— Великий голод… правда близко? Люсейн, заместитель судьи инквизиции, остолбенел.
Он не знал. Совсем не знал! Ему не приходили никакие сведения. Последний год он был вычеркнут из информационной сети Церкви: кроме требований «быстрее выполнить задание» — ничего.
— Да, почтенный целитель, — воинский вождь почтительно поклонился. — Прошу вас, выйдите и взгляните сами.
На нём висела оленья шкура, сшитая грубыми жилами через дырки, проколотые каменным шилом. Запах стоял такой, что Люсейну захотелось отвернуться: резал глаза, бил в нос. Он-то знал, чем дубят эти шкуры… мочой! Стоит чан, три-четыре дня стоит в тепле, начинает вонь клубиться, тогда туда кидают шкуру. Промокнет, выскоблят жир и плёнки, тянут-тянут… Стоило ему хоть раз увидеть этот процесс — и он с тех пор обходил такие дома стороной. Но здесь ведь все одеты так же!
А ведь раньше он носил лишь шёлковые ризы. Там, в курии, если оттенок чуть не тот или вышивка сбилась на стежок — такую вещь он даже к телу не подпускал!

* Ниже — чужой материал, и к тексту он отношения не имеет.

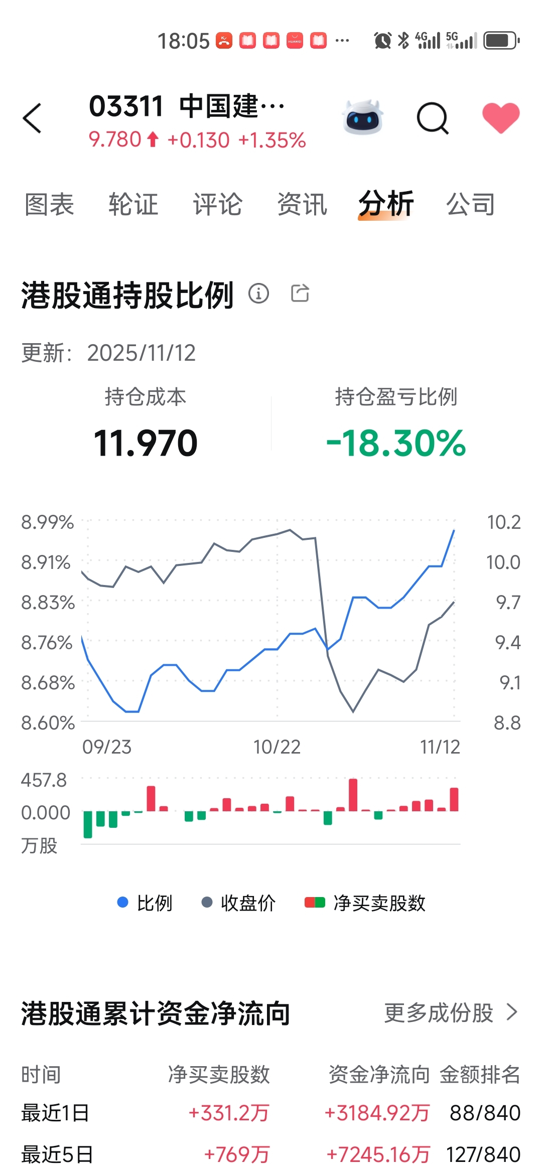港股通持仓成本11.97

Может, стоило искать племя побольше… — мрачно подумал Люсейн и пошёл за вождём.
Они вошли в «зал собраний». Слово «зал» было слишком щедрое — чёрная пещера, закопчённый очаг, давно-давно горящий. На скальной стене — линии и мазки. Люсейн долго щурился, пока разобрал: красная охра, перемешанная с кровью чудовищ. Вон то — вроде бы гора. Там круг — может, озеро. А та зигзагообразная линия — река?
— Почтенный целитель, смотрите. — Вождь поднял факел, осветив пёструю стену. — Обычно с молодой луной стада оленей приходили вот сюда, сюда или сюда пастись. Сейчас луна уже почти полная, но оленей нет. Трава лишь-только показалась, и ростки едва ли дотягивают до пол-локтя.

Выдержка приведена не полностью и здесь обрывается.